How Eye Exams Can Detect High Blood Pressure

How Eye Exams Can Detect High Blood Pressure

Optometrists can detect more than just vision problems; your optometrist can learn a lot about your health by looking at your eyes. When you go for an eye exam, your optometrist looks at the delicate arteries and structures within your eyes to determine eye health. Any leaks in the arteries or other damage to components of the eyes indicate the development of eye conditions, but these conditions are commonly triggered by other health conditions in the body. High blood pressure can present symptoms in the eyes, and if your optometrist sees an indication of damage caused by high blood pressure, they may recommend you see your doctor for further assessment.

High Blood Pressure And Eye Exams

Hypertensive Retinopathy
This condition develops when a person has prolonged high blood pressure (hypertension). High blood pressure is often caused by a buildup of plaque in the arteries that causes the heart to pump harder for blood to circulate. As the blood moves through the body at a higher pressure, this damages the small, delicate arteries in the eye and it can cause these to leak. Hypertensive retinopathy can also cause the optic disk to become enlarged and it can cause vision issues. If you don’t receive regular eye exams and hypertensive retinopathy has started developing, you may notice a change in your vision and vision blurriness caused by this condition is permanent.

Diagnosing High Blood Pressure During An Eye Exam
When an optometrist looks into your eye using manual tests, retinal imaging, and OCT scans, they can see all of the small details within your eye. Because of this, your optometrists can see the early signs of conditions such as hypertensive retinopathy and they can detect these conditions before symptoms start to develop. If your eye doctor sees that there is something wrong with the health of your eye, they might recommend you visit your general practice physician, as various eye conditions can appear similar during an eye exam. For example, both diabetic retinopathy and hypertensive retinopathy can cause bleeding in the arteries in your eyes even though they are caused by two different health conditions. If your eye doctor suspects any type of medical issue when they administer your eye exam, they will likely request that you get blood work done and inform them of the results. This will allow your optometrist to move forward with proper treatment for your eye condition.

Detecting early signs of hypertensive retinopathy is very important for your eye health and your overall health, as many people who don’t regularly receive optometrist or doctor check-ups may not know they have high blood pressure until their eyesight begins to suffer or they have severe health complications such as heart attacks.

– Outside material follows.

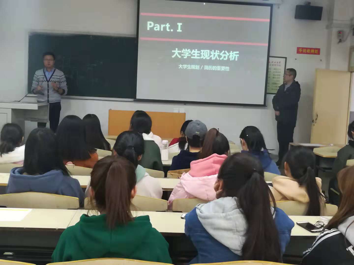 11月22日下午,beat365官方网站创新创业与学科竞赛教研室邀请BBA(hons) IFPHK之理财策划师、九鼎富通人力招聘总监、环球名企培训中心培训发展总监、香港工商联金融发展委员会委员罗琪先生在临潼校区二教103教室做了主题为《世界500强企业人才培养计划》的专题讲座。讲座由韩帅老师主持,人外学院2016级与2017级共计80余名学生聆听了讲座。

Protect Your Health With Annual Eye Exams

Visiting the optometrist for regular eye exams helps to protect your vision as well as your general health. Hypertensive retinopathy isn’t the only health condition your optometrist may be able to detect. Regular eye exams allow for the early detection of a variety of eye conditions that can lead to permanent vision impairment unless addressed early. Regular eye exams are an important part of health care that should be scheduled at least every 2 years for adults between the ages of 19 and 64 and every year for adults 65 and over. If you have a history of high blood pressure, you should receive an eye exam every year. To book an eye exam, contact Specs in the City at 1-403-252-2020 or fill out the online contact form.

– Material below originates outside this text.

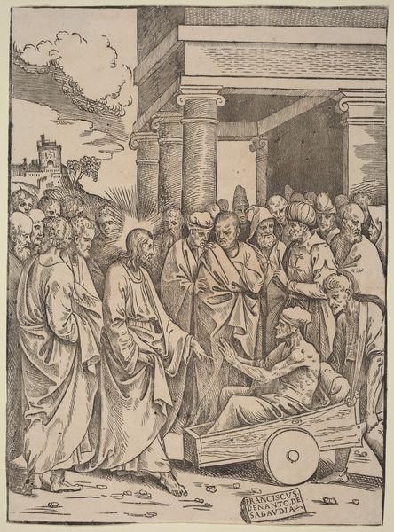 Hieronymus Ferroni created this engraving, Saints Peter and John healing the sick at the gate of the temple, sometime between 1687 and 1730. During the Baroque period, the Catholic Church emphasized art's role in conveying religious doctrine, often depicting scenes of miracles and divine intervention. Here, Peter and John are shown performing a healing miracle. The image conveys a strong sense of compassion for the suffering. But it also reflects prevailing social hierarchies and expectations around disability and poverty. Those in need are placed in a position of dependence on the Church, rather than as agents in their own lives. Ferroni’s composition directs the viewer's gaze towards the central figures of Peter and John, reinforcing their status as conduits of divine power. How might our contemporary sensibilities challenge this traditional representation? Does the engraving invite us to question the power dynamics inherent in acts of charity and healing? In what ways do we confront such disparities today?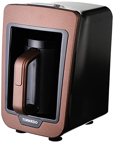 - ماكينة تحضير القهوة التركية الأوتوماتيكية من تورنيدو، قدرة ماكينة تحضير القهوة: 735 وات، السعة القصوى: 4 أكواب / 330 مل - اللون: بني × أسود.

Q: How can I prevent hypertensive retinopathy?
A: The best way to prevent this condition and to stop or slow its progression is to control your blood pressure. You, your doctor, and your optometrist can work together to develop a blood pressure management plan that might involve lifestyle changes (particularly changes in diet, exercise, and smoking) and you may be put on blood thinners.

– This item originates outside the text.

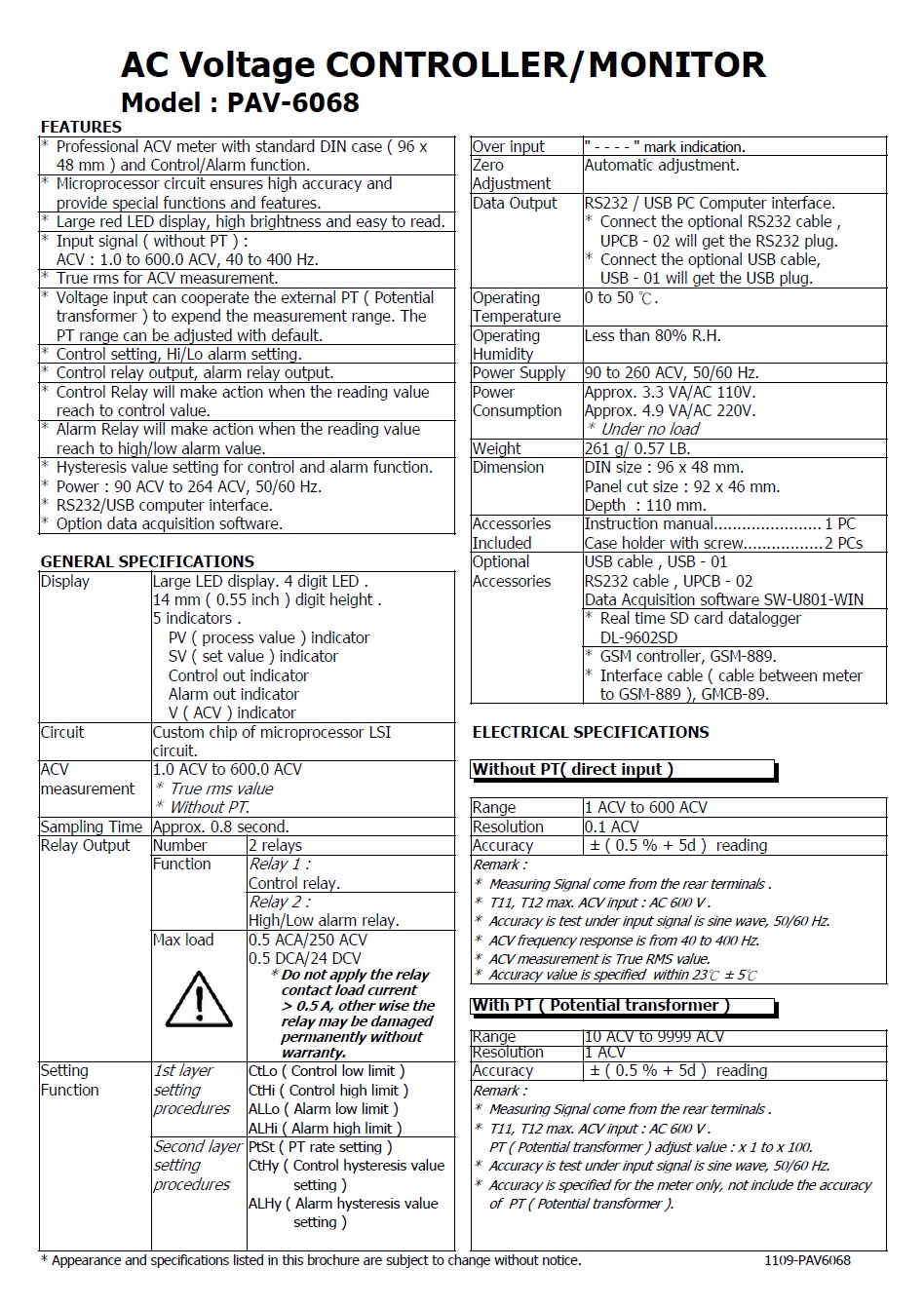 * Input signal ( without PT ) : ACV : 1.0 to 600.0 ACV, 40 to 400 Hz.

Q: What factors increase my risk of developing hypertensive retinopathy?
A: Several risk factors for developing high blood pressure and subsequent hypertensive retinopathy include:

  • Family history of heart disease.
  • Prolonged high blood pressure.
  • Atherosclerosis.
  • Diabetes.
  • Smoking.
  • Excess alcohol consumption.
  • High cholesterol.
  • Obesity.
  • A diet high in fat proteins, trans fats, sugary foods, and sodium.

Q: Is there anything I need to bring to an eye exam?
A: Once you’ve booked your eye exam there are a few things you can bring to better help us ensure your eye care needs are met. They are:

  • All prescription glasses, sunglasses, or contact lenses you’re currently using.
  • All eye drops you’re currently using.